Marlene Gonçalves não usou meias palavras para criticar a política adotada pelas prefeituras na elaboração do Plano de Cargos, Carreiras e Vencimentos: “Ele tem necessariamente que contemplar os anseios dos servidores, ao mesmo tempo em que promove melhora da qualidade no serviço público”.

Felipe Assis - FESEMPRE
30/08/2010 • 15:38


A sindicalista adverte que o PCCV não deve ser confundido com projeto para aumento salarial. Deve primeiramente estruturar a carreira de forma estimuladora.

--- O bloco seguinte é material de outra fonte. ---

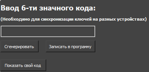 Кнопка «Показать свой код», вывод в пустое поле код синхронизации, который установлен в вашей программе
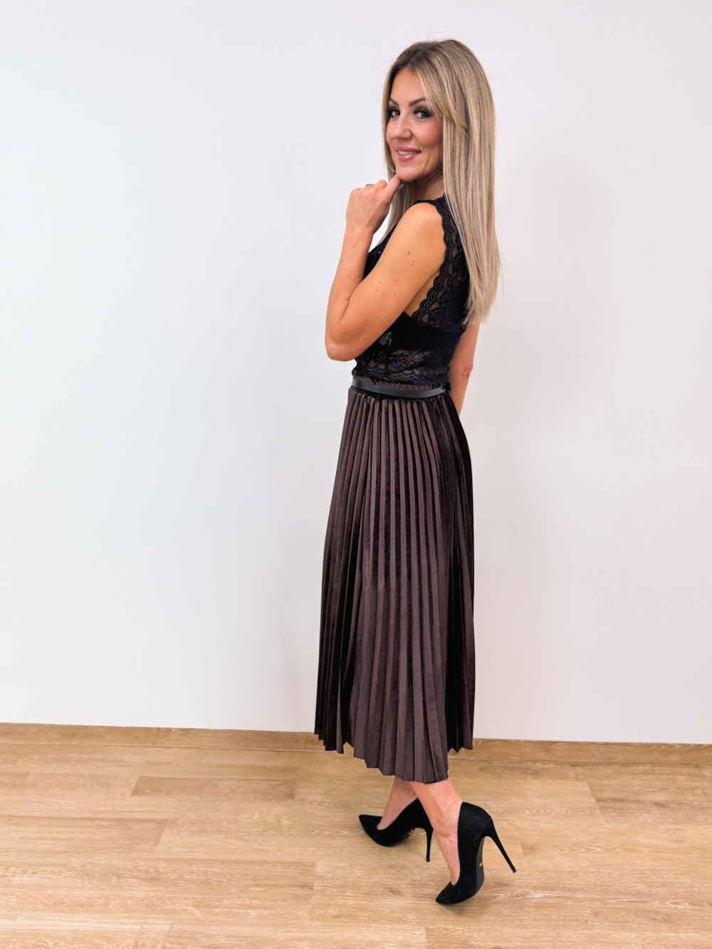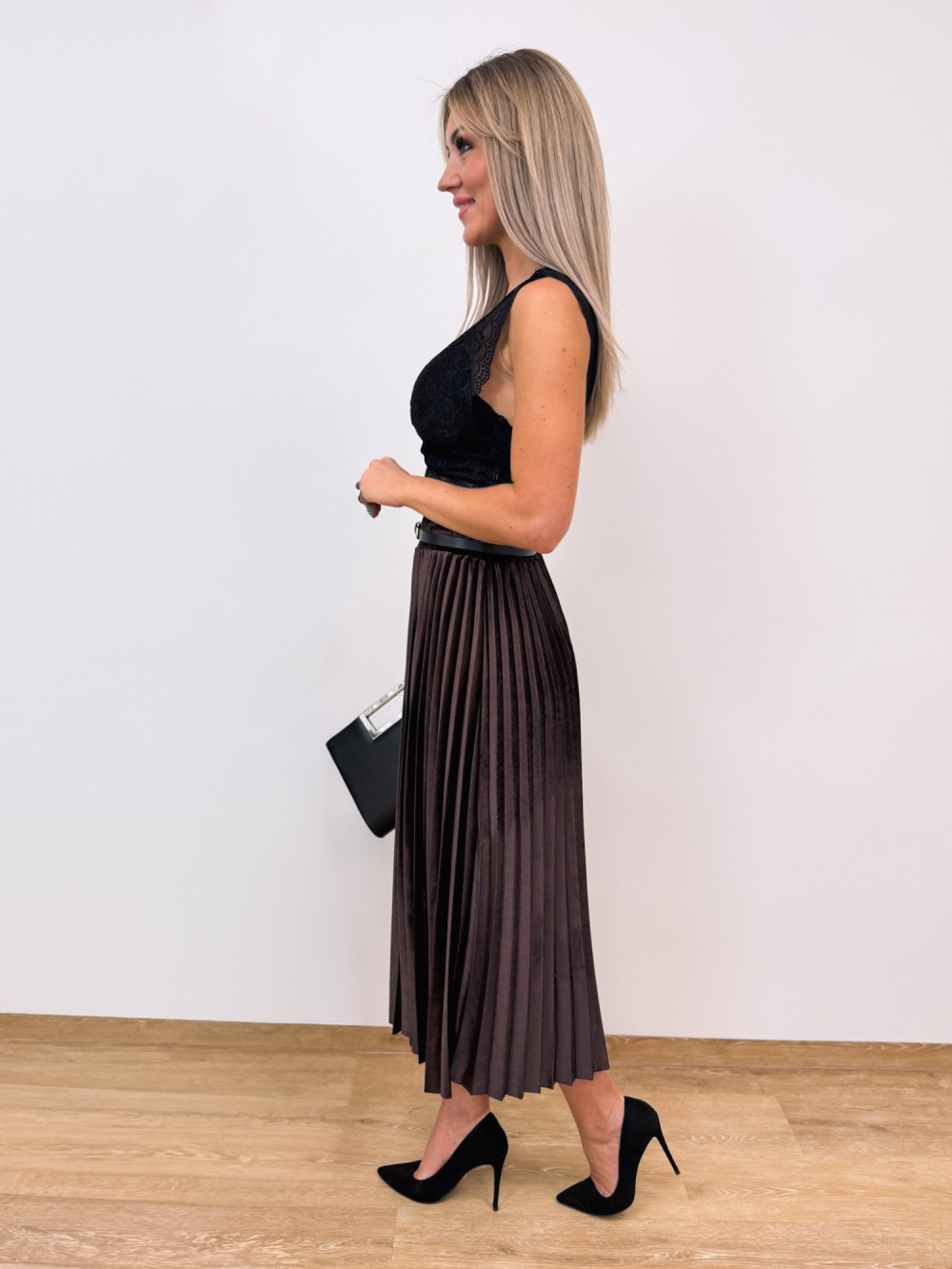 Spódnica Welurowa Plisowana Midi Veloria - Czekoladowa

A perspectiva de carreira deve ser alvo primordial na construção de um PCCV. Mas, ao contrário, o que se vê hoje são cada vez mais servidores desestimulados, desinteressados de suas profissões e atendo-se a elas apenas por falta de opção.

 

“Cada servidor deveria enxergar o PCCV como uma escada sobre a qual pode subir. A carreira deveria ser um estímulo à qualificação profissional e educacional do servidor, levando-o à satisfação pessoal, situação que se refletiria na melhora da qualidade do serviço público, objetivo do Município”, analisou Marlene Gonçalves.

 

A qualidade do serviço público, segundo ela, deve ser tomada sob o ponto de vista da população, ou seja, daquela que é pagadora de impostos e usuária do sistema público. “Não podemos esquecer, no entanto, que os servidores são também usuários dos mesmos serviços que prestam e, logo, devem ser elementos privilegiados no momento de construção do PCCV, já que possuem uma visão panorâmica de toda a situação do serviço público, tanto do ponto de vista interno, como servidores, como do ponto de visa externo, como usuários”.

 

Defendendo critérios claros de crescimento na carreira, a diretora da FESEMPRE e membro do SINDSETO sugere que as prefeituras levem em conta aspectos técnicos e profissionais no momento de elaborar o PL de estruturação do PCCV, expurgando toda e qualquer pessoalidade ou critérios políticos que atendam a demandas partidárias contrárias ao objetivo público do Estado.

 

“O PCCV deve ser instrumento de melhoria nas atuais condições de trabalho e não ser instrumento de retirada de direitos históricos da categoria, já que seria, no caso, mais um elemento na degeneração do serviço público”.

 

Remuneração constitucional

 

Exímia conhecedora da Lei Federal nº 11.738/2008, que dispõe sobre o piso salarial do magistério, Gonçalves é peça chave para a FESEMPRE desenvolver ações estratégicas que auxiliem os professores das redes municipais e estaduais a obter remuneração condizente com a legalidade.

 

Ela ressalta que o PCCV não pode ser confundido com projeto de aumento salarial. “Os degraus a serem galgados não podem significar apenas melhora salarial numa porcentagem determinada, mas devem significar uma melhora na qualificação da função a ser desempenhada, o que significa, automaticamente, melhoria salarial”.